* _Source data_:
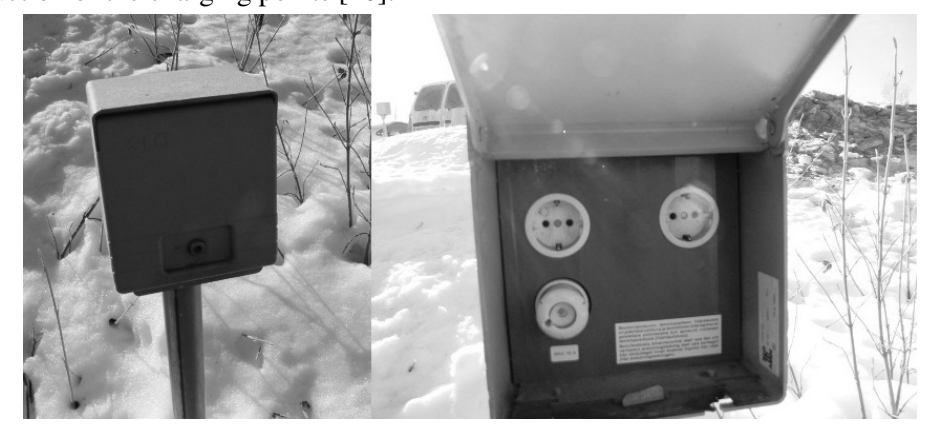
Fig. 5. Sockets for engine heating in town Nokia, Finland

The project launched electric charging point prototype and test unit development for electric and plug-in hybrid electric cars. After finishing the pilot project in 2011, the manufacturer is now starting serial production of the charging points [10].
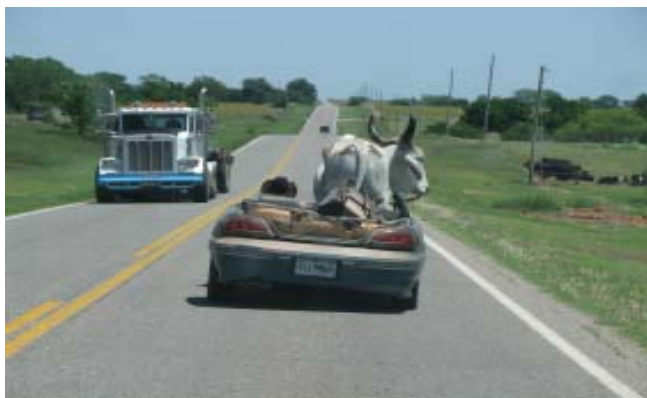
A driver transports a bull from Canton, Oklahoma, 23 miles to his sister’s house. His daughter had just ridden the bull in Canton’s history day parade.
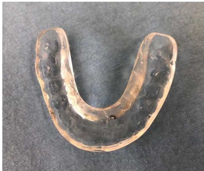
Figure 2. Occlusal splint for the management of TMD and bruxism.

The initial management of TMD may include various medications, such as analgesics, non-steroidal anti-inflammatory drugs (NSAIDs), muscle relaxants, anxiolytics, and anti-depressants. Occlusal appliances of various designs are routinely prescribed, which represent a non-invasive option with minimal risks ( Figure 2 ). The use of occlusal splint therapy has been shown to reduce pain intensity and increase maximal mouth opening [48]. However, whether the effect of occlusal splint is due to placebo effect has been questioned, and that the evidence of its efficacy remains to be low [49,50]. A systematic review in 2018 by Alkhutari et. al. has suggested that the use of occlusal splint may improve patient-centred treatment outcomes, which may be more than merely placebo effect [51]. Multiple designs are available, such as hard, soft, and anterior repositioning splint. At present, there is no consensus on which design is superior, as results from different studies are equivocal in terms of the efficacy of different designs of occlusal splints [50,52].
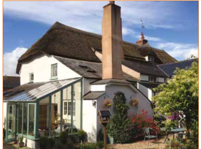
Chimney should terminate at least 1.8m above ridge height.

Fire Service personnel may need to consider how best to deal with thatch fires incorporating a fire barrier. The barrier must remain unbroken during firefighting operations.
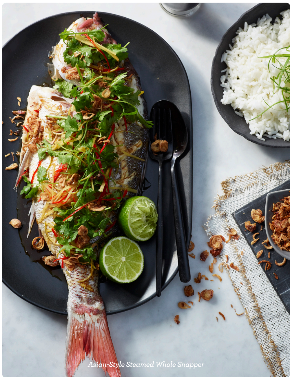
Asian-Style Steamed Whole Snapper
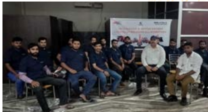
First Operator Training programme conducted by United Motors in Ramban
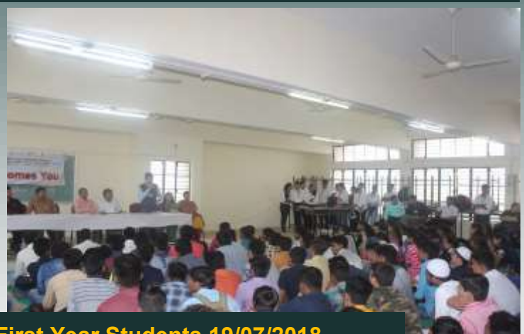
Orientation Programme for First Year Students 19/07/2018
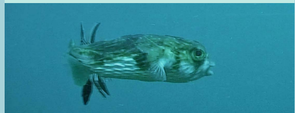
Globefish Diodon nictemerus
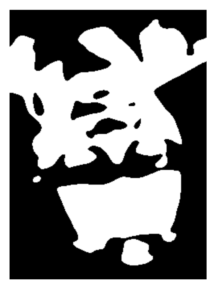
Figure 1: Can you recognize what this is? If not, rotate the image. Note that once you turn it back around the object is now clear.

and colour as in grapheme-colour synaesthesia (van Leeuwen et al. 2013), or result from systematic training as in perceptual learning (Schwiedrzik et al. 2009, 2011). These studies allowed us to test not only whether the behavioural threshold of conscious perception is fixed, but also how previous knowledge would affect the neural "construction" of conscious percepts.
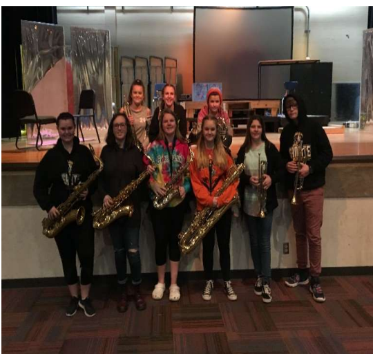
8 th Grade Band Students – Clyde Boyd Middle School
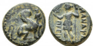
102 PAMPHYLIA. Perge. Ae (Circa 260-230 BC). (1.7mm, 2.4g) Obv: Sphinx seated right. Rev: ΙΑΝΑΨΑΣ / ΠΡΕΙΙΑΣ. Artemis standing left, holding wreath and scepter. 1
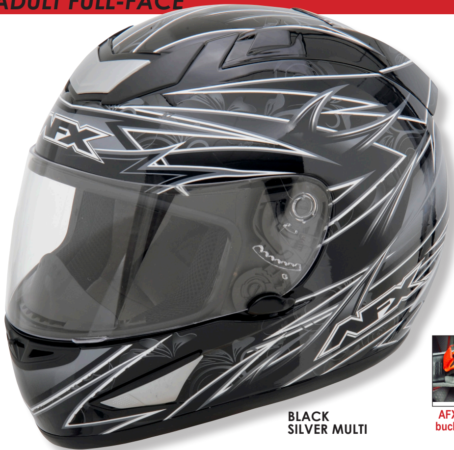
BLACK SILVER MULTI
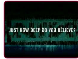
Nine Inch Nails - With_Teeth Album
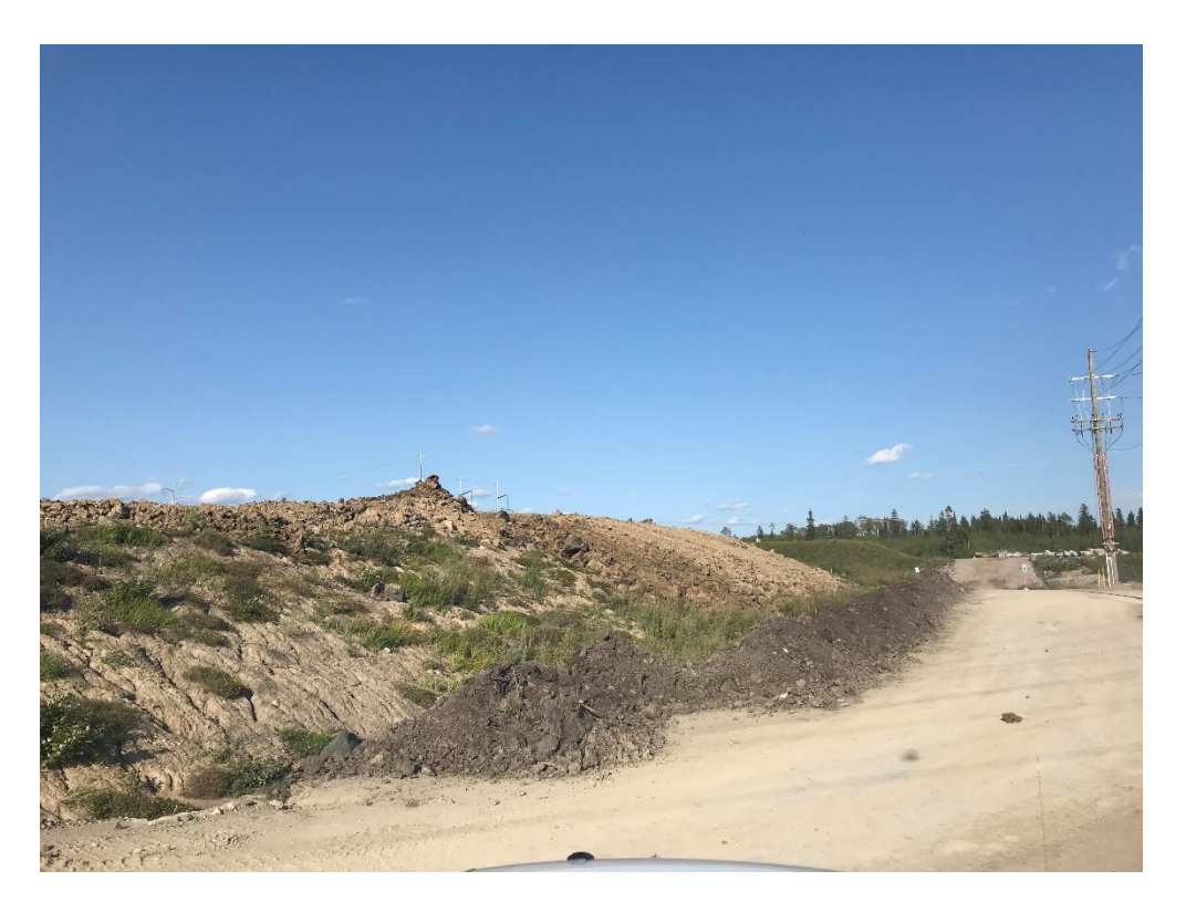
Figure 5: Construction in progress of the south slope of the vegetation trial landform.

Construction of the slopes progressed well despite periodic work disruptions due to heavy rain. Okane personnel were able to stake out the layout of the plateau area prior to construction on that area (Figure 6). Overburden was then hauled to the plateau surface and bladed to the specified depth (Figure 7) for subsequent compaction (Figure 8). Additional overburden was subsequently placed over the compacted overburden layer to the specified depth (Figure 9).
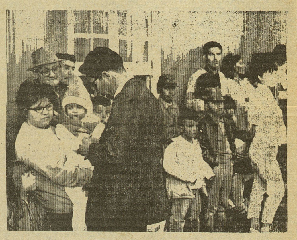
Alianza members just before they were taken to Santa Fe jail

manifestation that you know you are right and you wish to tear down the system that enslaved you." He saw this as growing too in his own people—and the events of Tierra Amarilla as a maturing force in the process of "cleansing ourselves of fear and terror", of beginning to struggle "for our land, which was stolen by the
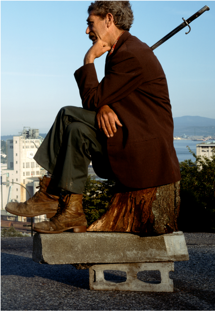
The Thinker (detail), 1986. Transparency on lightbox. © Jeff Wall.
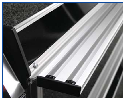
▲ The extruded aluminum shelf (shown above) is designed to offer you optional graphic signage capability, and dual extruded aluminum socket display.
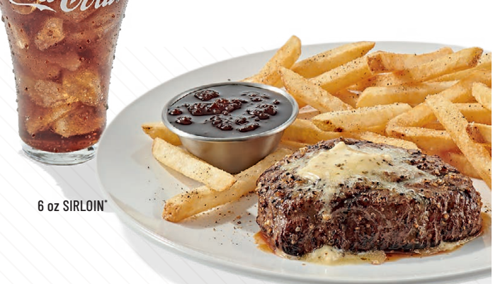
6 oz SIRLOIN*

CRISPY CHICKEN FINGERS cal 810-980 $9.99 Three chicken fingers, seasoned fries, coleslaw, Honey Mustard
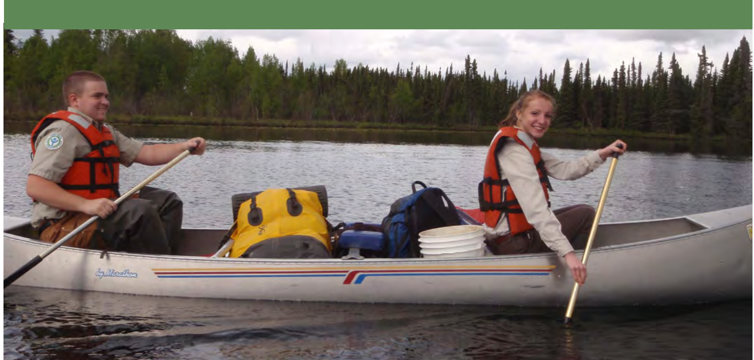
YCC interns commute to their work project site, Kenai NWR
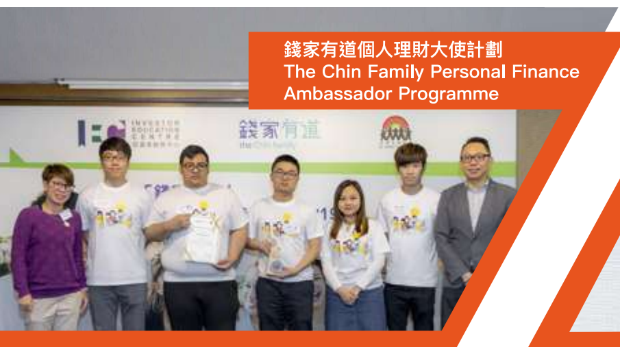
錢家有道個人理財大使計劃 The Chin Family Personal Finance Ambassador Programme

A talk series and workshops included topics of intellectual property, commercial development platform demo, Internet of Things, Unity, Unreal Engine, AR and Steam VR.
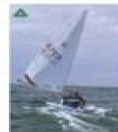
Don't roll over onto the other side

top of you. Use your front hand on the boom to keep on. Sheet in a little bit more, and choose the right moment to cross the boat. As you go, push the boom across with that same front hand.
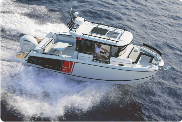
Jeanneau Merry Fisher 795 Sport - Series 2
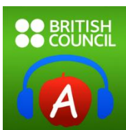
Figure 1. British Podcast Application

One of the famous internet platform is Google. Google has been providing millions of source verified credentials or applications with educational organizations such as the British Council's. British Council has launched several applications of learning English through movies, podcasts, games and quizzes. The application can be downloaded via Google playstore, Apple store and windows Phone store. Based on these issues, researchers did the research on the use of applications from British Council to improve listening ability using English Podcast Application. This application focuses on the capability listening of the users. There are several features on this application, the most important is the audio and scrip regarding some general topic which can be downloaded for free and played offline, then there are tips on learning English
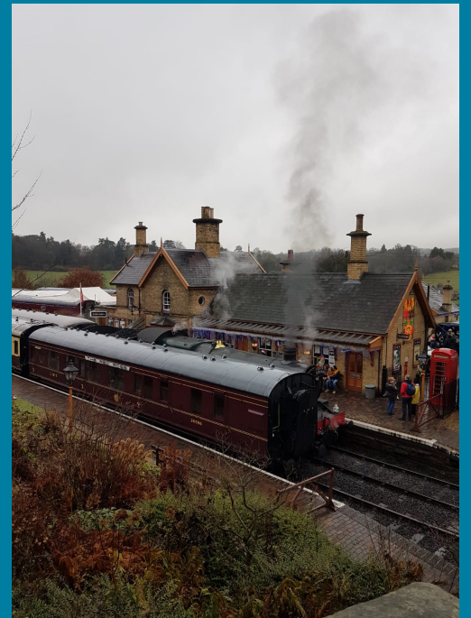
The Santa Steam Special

* _Brief_: Give again exactly the lines running from the beginning of the material above through the line that contains "The project launched", and leave out every picture.

* _Completed task_:
Fig. 5. Sockets for engine heating in town Nokia, Finland

The project launched electric charging point prototype and test unit development for electric and plug-in hybrid electric cars. After finishing the pilot project in 2011, the manufacturer is now starting serial production of the charging points [10].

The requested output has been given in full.